In einer gemeinsamen Mitteilung weisen die Präsidentin des Kammergerichts, Andrea Diekmann, und Generalstaatsanwältin Margarete Koppers aus ihrer Sicht pauschale Vorwürfe gegen Gerichte und Staatsanwaltschaft zurück. Fakt ist: Hätte Abdul B. zum Zeitpunkt des Anschlags noch im Gefängnis gesessen, wäre eine Frau vermutlich noch am Leben und zahlreiche Menschen wären nicht verletzt worden.

Auch die Staatsanwaltschaft wollte eine höhere Strafe

Hintergrund der aktuellen Debatte ist ein Urteil aus dem Mai dieses Jahres. Damals verurteilte das Amtsgericht Tiergarten in Berlin Abdul Ballout wegen der Vorbereitung einer schweren staatsgefährdenden Gewalttat zu einem Jahr und zehn Monaten Jugendstrafe – auf Bewährung.
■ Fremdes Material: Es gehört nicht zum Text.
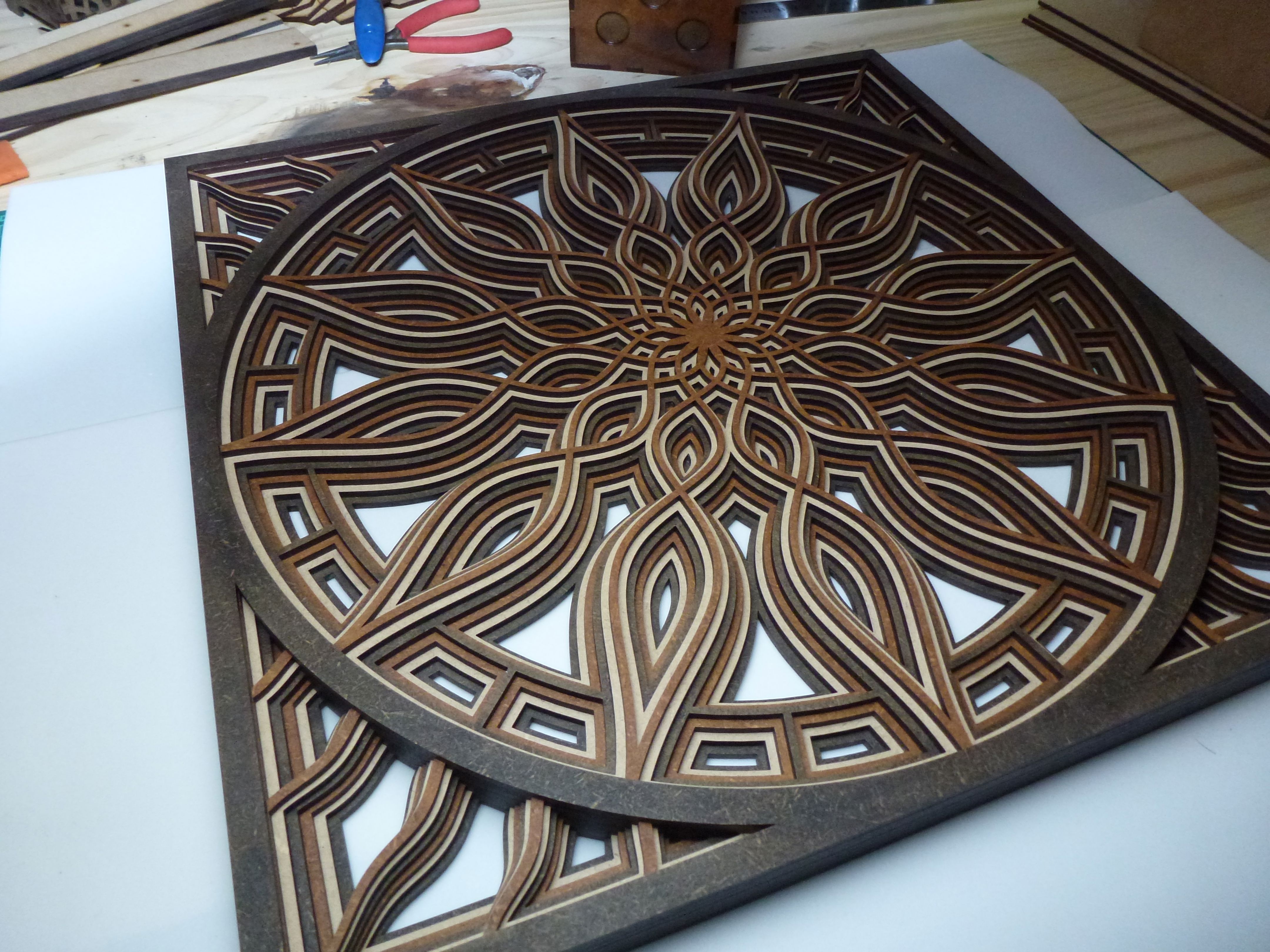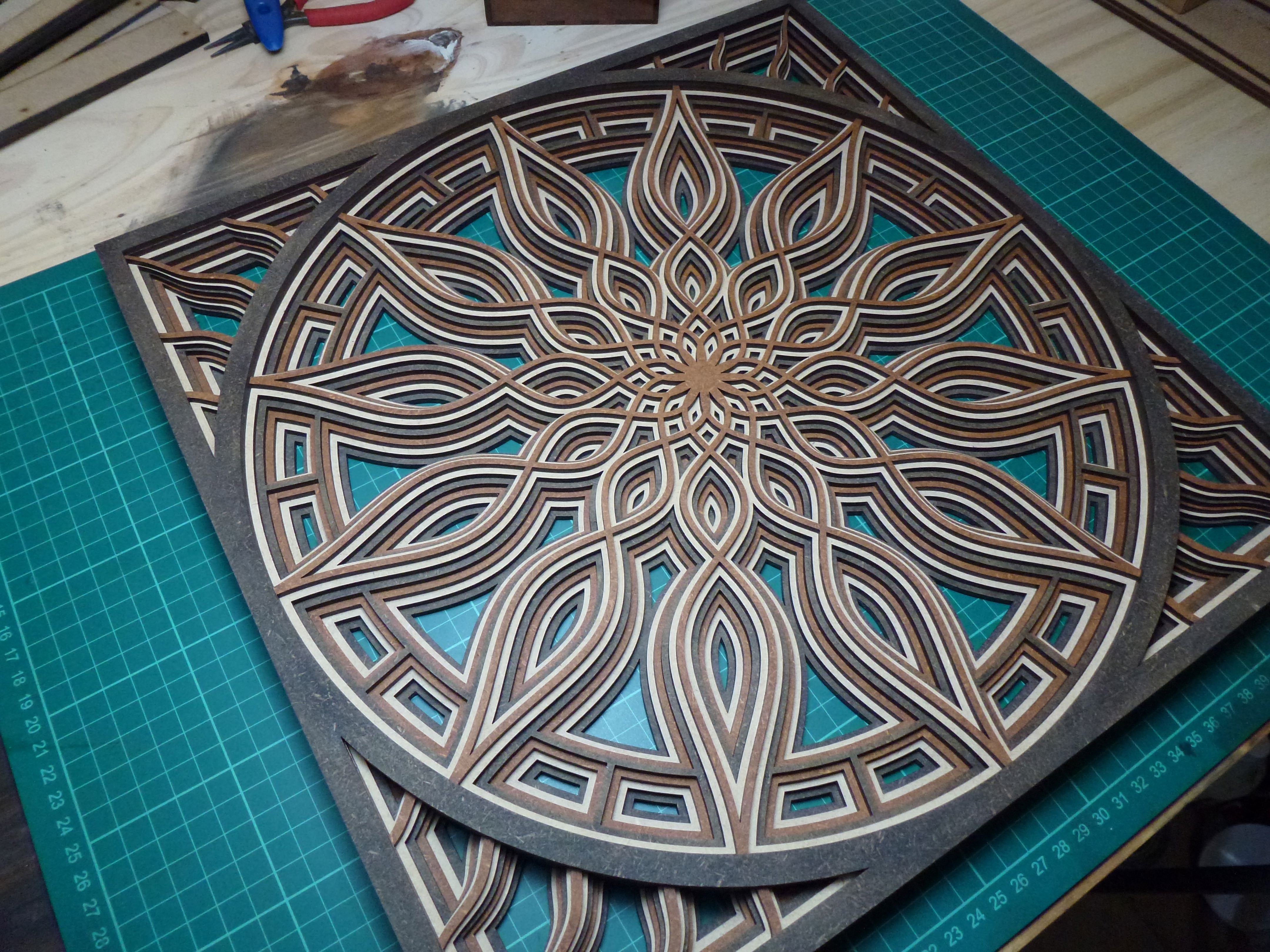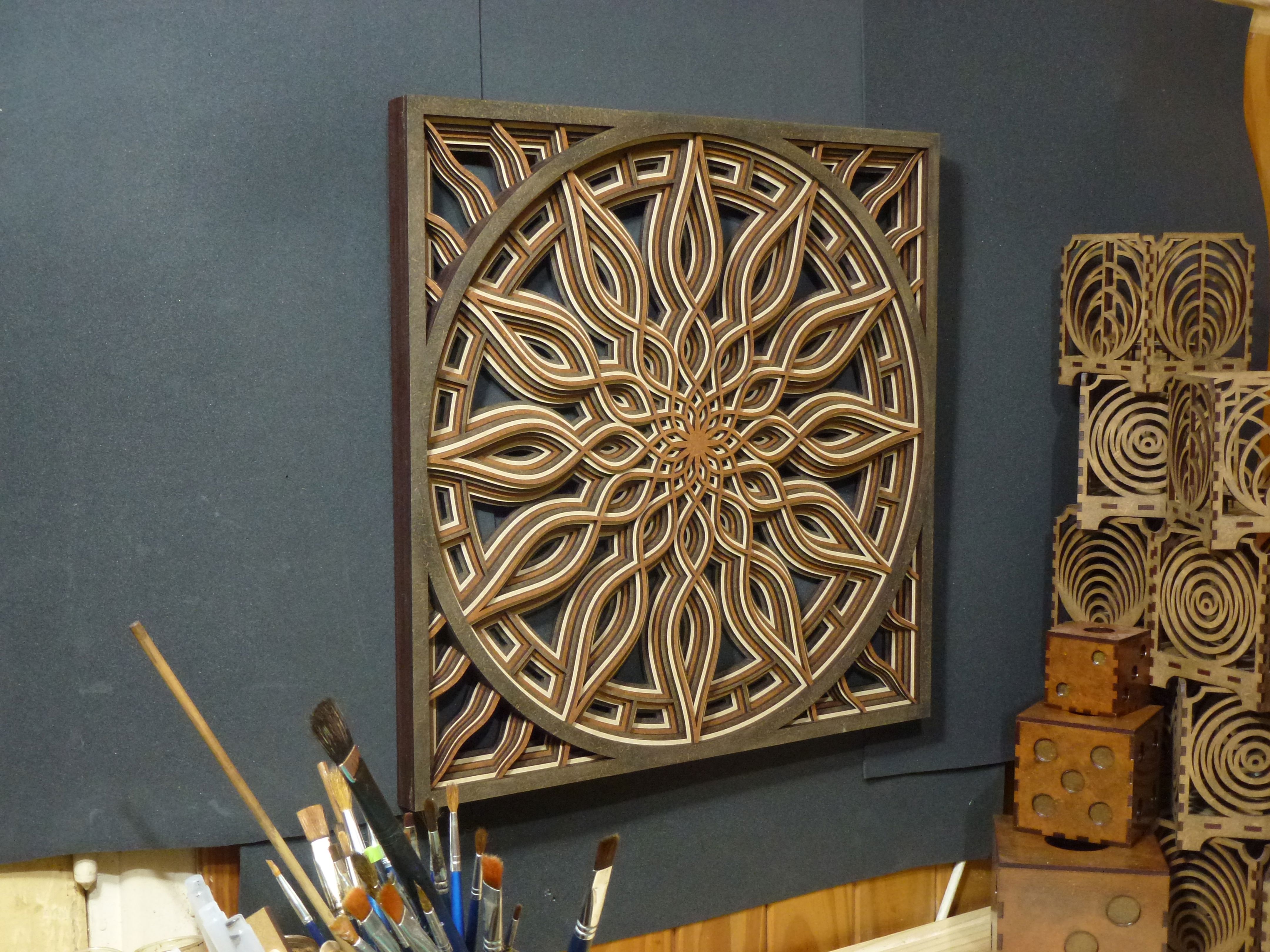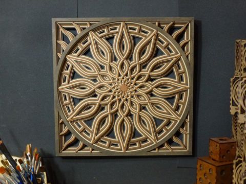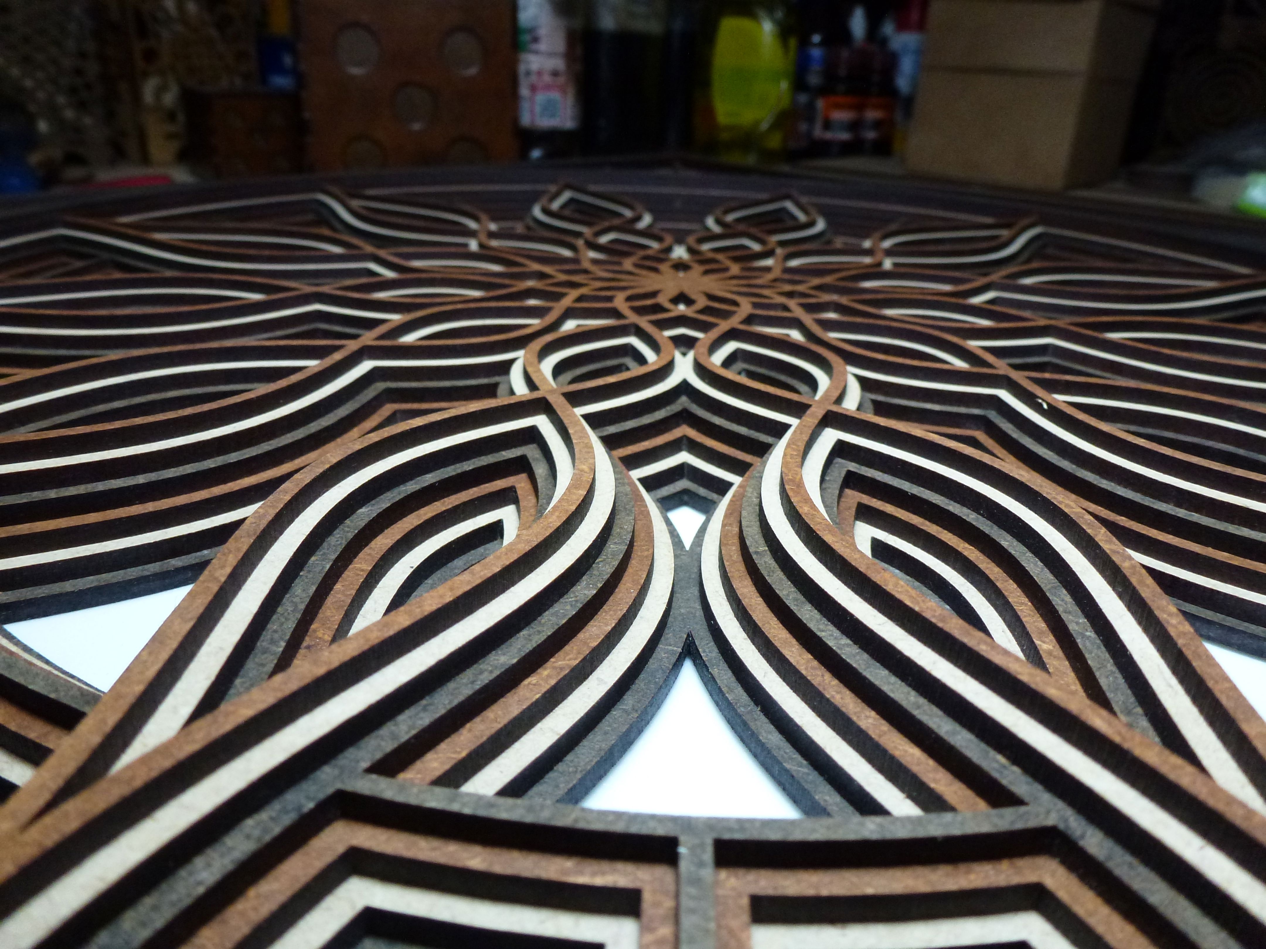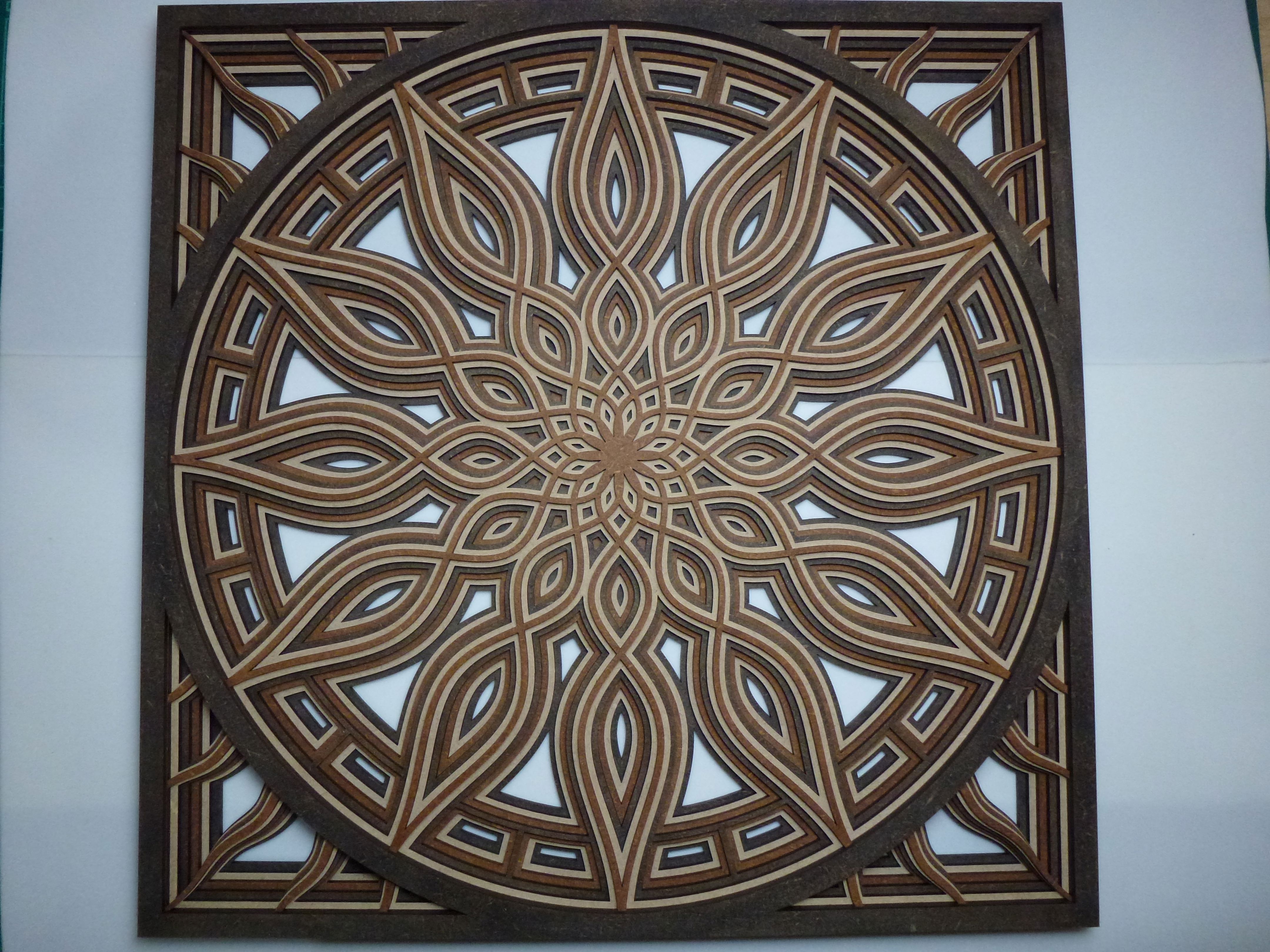 Mandala de MDF/Fibrofacil: con 7 capas en negro, marron y natural.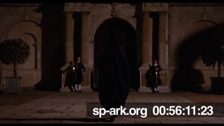 Description establishing shot of Orlando filmed from behind, approaching Great House in black robes.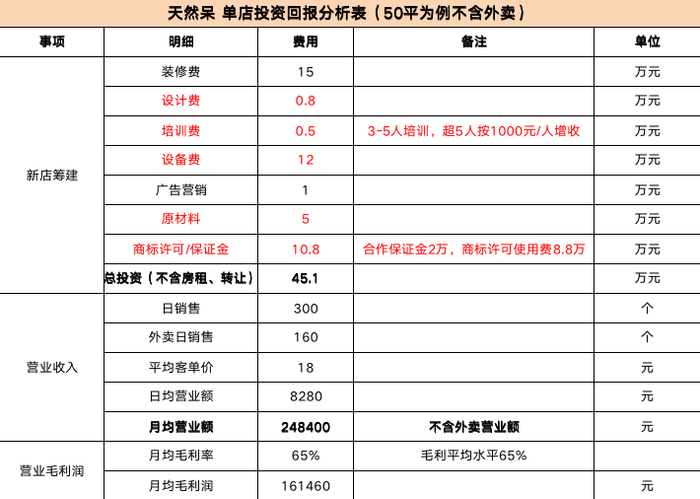 天然呆单店投资回报分析表。图片来源:受访者提供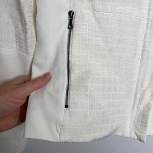 In great condition. 56% viscose 46% acetate completely lined. Front zipper pockets. Beautiful white sheen texture fabric. Great quality. Tailored with Love in Canada. Measure lay flat: shoulder 15'' bust 17,5'' length 21'' sleeve length 23,5''.
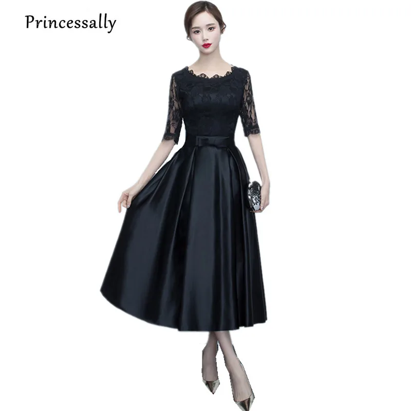 Grosshandel Hot Stil Spitze Und Tull Schwarz Ballkleider Halbarm Offenen Rucken Vintage Kleid Fu Abschlussball Kleider Abendkleid Abschlussball Kleider Schwarz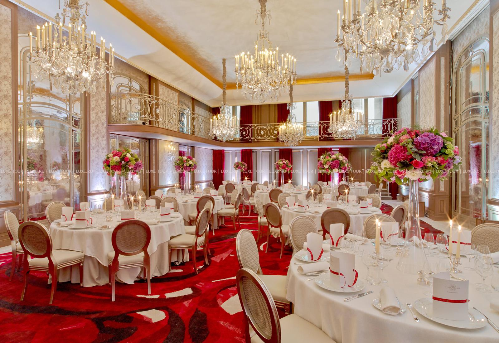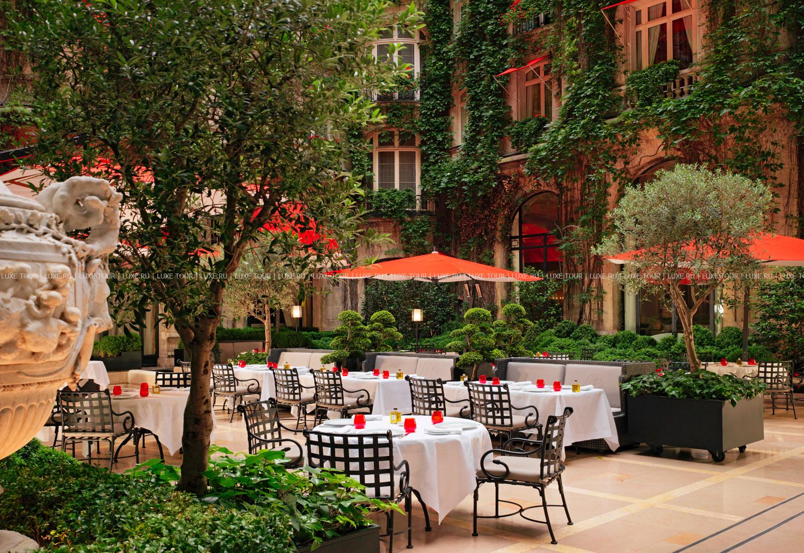 • Ресторан несравненного шеф-повара отеля Алена Дюкасса (Alain Ducasse) Au Plaza Athénée, отмеченный 3 звездами в гиде Мишлен, предлагает разнообразные блюда французской кухни. Ресторан открыт на обеды по четвергам и пятницам, на ужин с понедельника по пятницу. Dress code: костюм с галстуком.
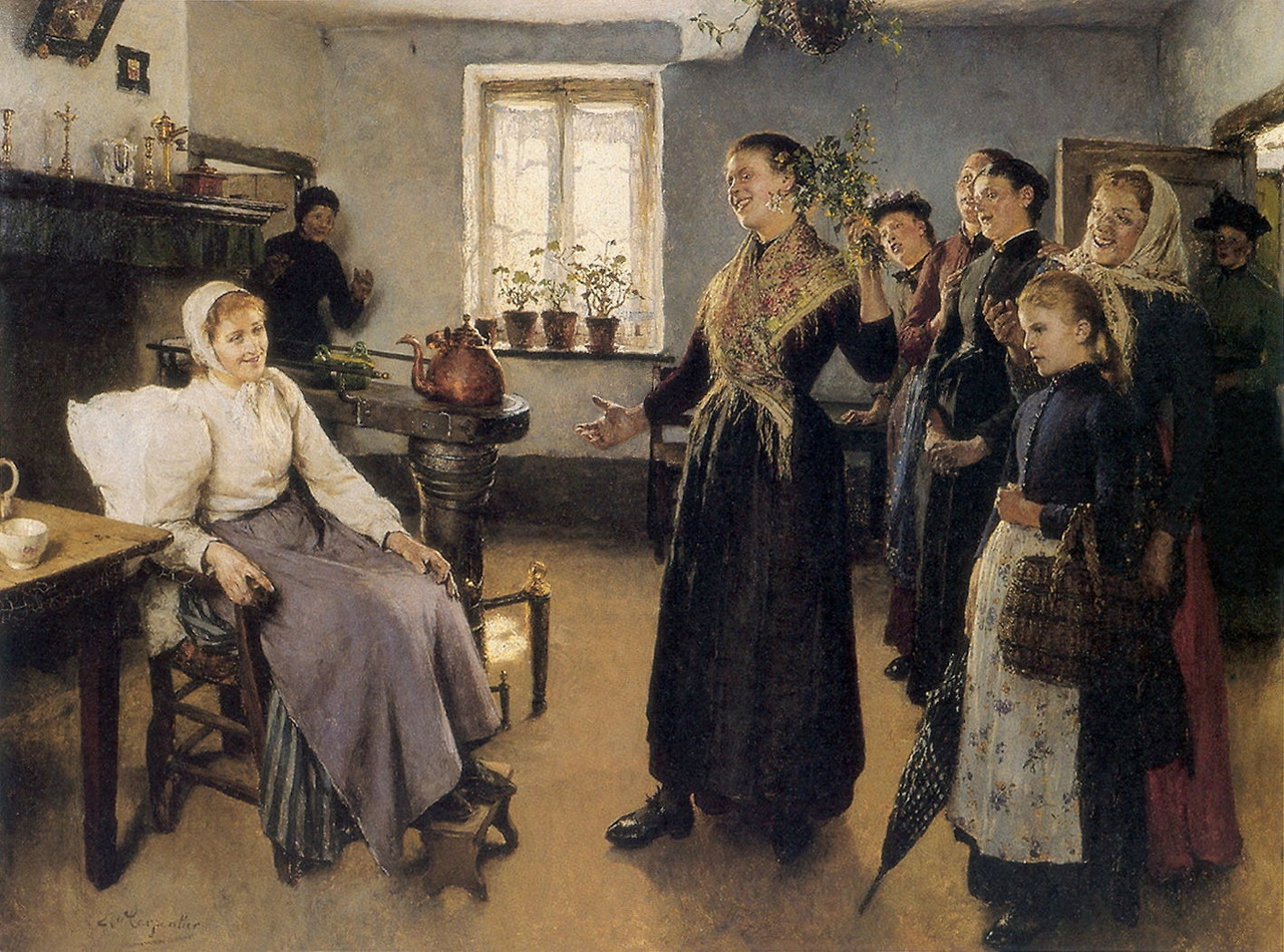 Visiting the Convalescent는 아마도 같은 해에 그려진 것으로, 많은 친구와 친척들이 병에서 회복 중인 여성을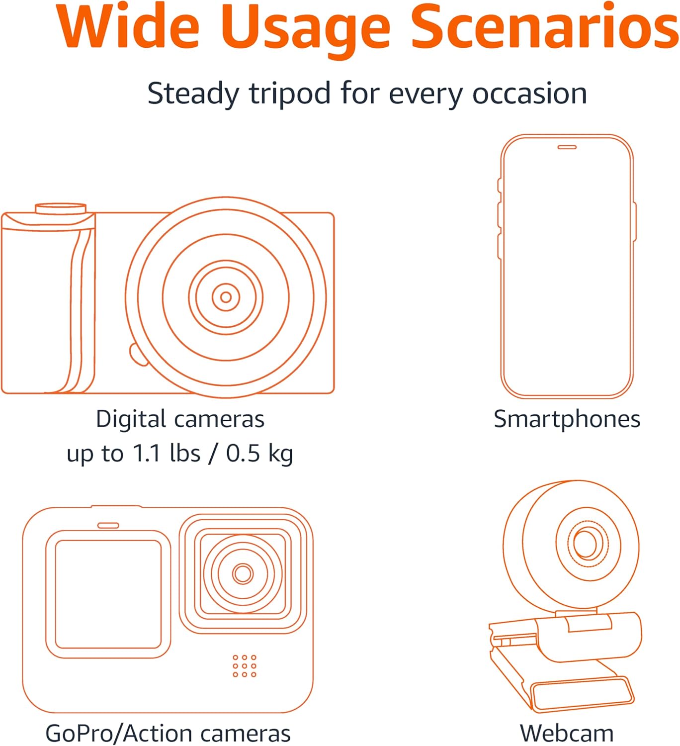 - Universal compatibility with smartphones up to 3.7 inches wide, GoPros, digital cameras and webcams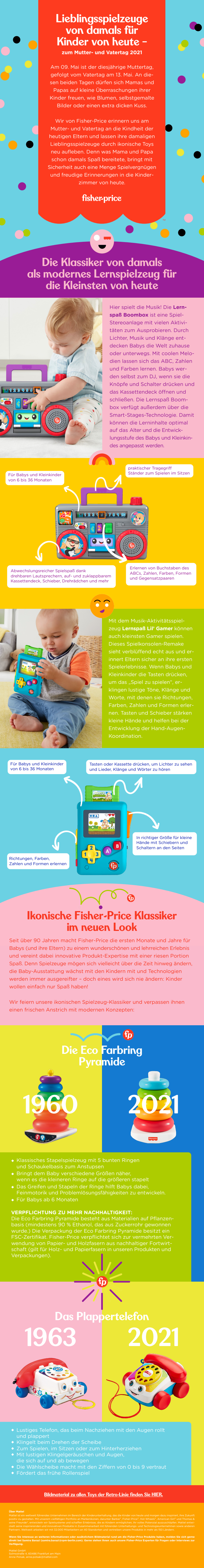 Wir von Fisher-Price erinnern uns am Mutter- und Vatertag an die Kindheit der heutigen Eltern und lassen ihre damaligen Lieblingsspielzeuge durch ikonische Toys neu aufleben. Denn was Mama und Papa schon damals Spaß bereitete, bringt mit Sicherheit auch eine Menge Spielvergnügen und freudige Erinnerungen in die Kinderzimmer von heute.

Die Generalstaatsanwaltschaft hielt das für zu wenig. Sie forderte eine deutlich höhere Strafe und legte Berufung ein. Der als Islamist bekannte 21-Jährige blieb unter Auflagen frei und wurde zum Killer. Umstritten ist auch, ob man in seinem Falle noch Jugendstrafrecht anwenden musste, das eher auf mildere Strafen ausgelegt ist.

Diekmann und Koppers betonen, dass das Urteil „auf der Grundlage und im Rahmen der geltenden Rechtslage“ ergangen sei. Die aktuelle Debatte sei dagegen vielfach „von wenig Faktenkenntnis geprägt“ und erschöpfe sich häufig darin, „nahezu reflexhaft nach vermeintlich Verantwortlichen zu suchen“. Das ist wiederum eine harte und pauschale Kritik an Medien, deren Aufgabe es nicht zuletzt ist, Missstände aufzudecken und auch Gerichtsentscheidungen kritisch zu hinterfragen.

Die beiden Juristinnen warnen hingegen davor, mit vorschnellen Schuldzuweisungen die Unabhängigkeit der Justiz infrage zu stellen – eine der zentralen Säulen des Rechtsstaats. „Gegen diese Form von Kritik verwahren wir uns. Denn eine solch undifferenzierte und nicht die Aufklärung in den Mittelpunkt rückende Bewertung stellt die Unabhängigkeit der Justiz und damit eine Säule des Rechtsstaats infrage“, heißt es in der Mitteilung.

Aus Sicht von Diekmann und Koppers greift die aktuelle Debatte oft zu kurz. Viele Hintergründe der Tat seien bis heute ungeklärt. Noch immer werde ermittelt, wie der Anschlag vorbereitet wurde, welche Rolle mögliche Unterstützer spielten und welche Informationen den Behörden tatsächlich vorlagen. Ob „im Fall Abdul B. Fehler gemacht wurden“, so die Justizvertreterinnen, werde die weitere Aufarbeitung zeigen müssen.